Could the listing be repeated exactly, with every picture dropped?

- Information shown -

- - - -

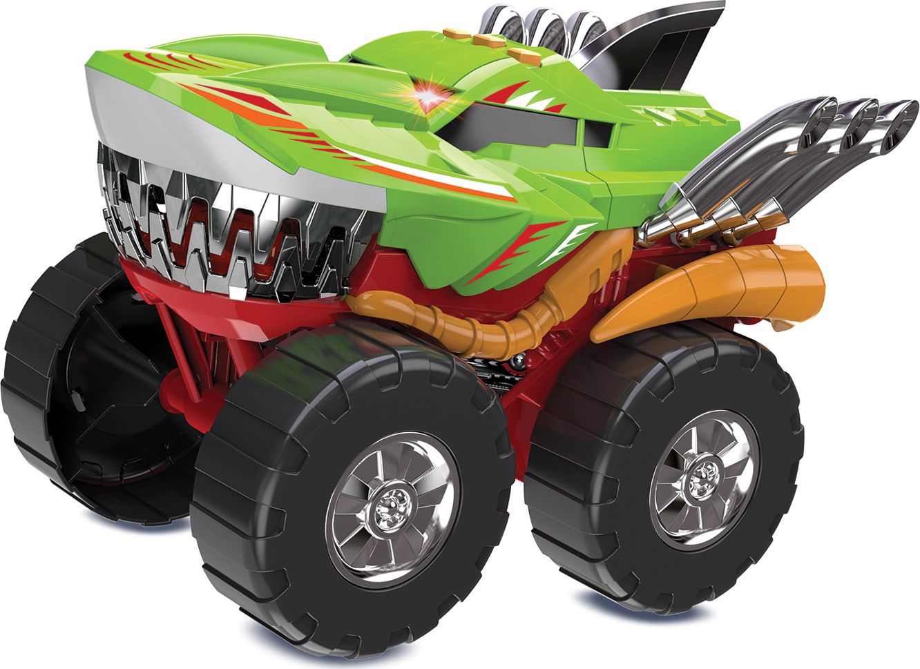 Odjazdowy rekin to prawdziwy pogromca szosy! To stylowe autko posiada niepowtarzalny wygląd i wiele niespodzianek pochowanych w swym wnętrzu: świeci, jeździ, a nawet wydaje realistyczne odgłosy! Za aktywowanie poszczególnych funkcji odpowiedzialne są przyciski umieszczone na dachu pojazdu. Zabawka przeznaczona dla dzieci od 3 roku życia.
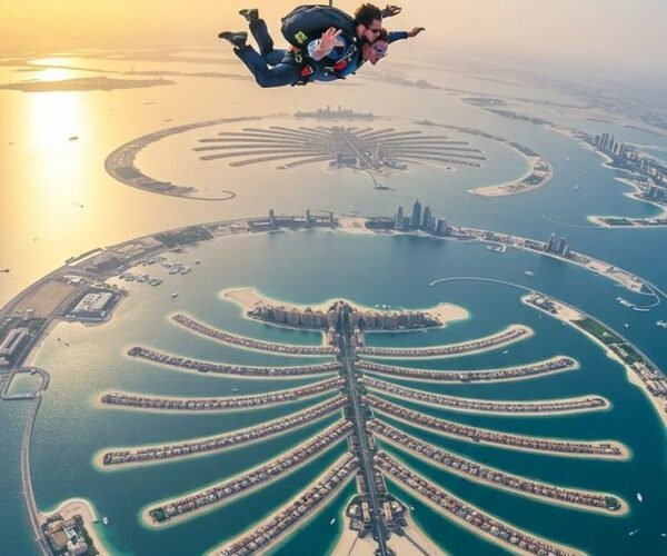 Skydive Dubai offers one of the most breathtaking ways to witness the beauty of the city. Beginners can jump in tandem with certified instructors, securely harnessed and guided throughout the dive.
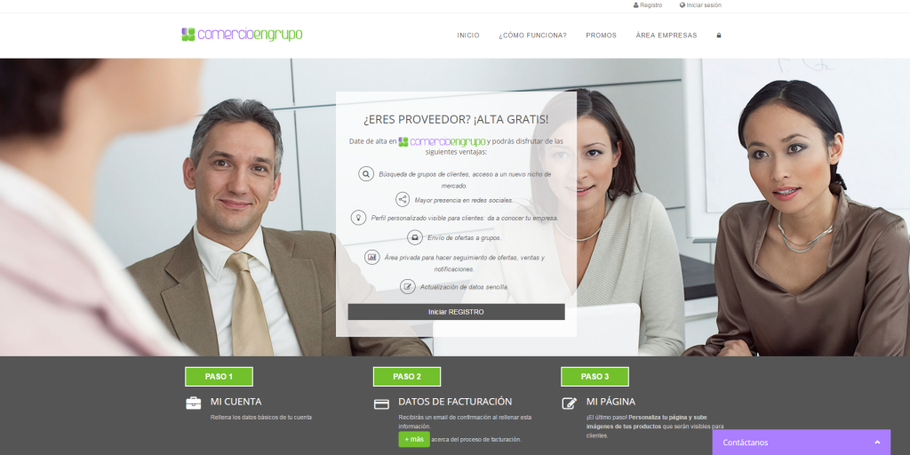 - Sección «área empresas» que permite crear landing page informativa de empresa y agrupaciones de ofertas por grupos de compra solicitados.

- - - -

- Your response -
 Odjazdowy rekin to prawdziwy pogromca szosy! To stylowe autko posiada niepowtarzalny wygląd i wiele niespodzianek pochowanych w swym wnętrzu: świeci, jeździ, a nawet wydaje realistyczne odgłosy! Za aktywowanie poszczególnych funkcji odpowiedzialne są przyciski umieszczone na dachu pojazdu. Zabawka przeznaczona dla dzieci od 3 roku życia.
 Skydive Dubai offers one of the most breathtaking ways to witness the beauty of the city. Beginners can jump in tandem with certified instructors, securely harnessed and guided throughout the dive.
 - Sección «área empresas» que permite crear landing page informativa de empresa y agrupaciones de ofertas por grupos de compra solicitados.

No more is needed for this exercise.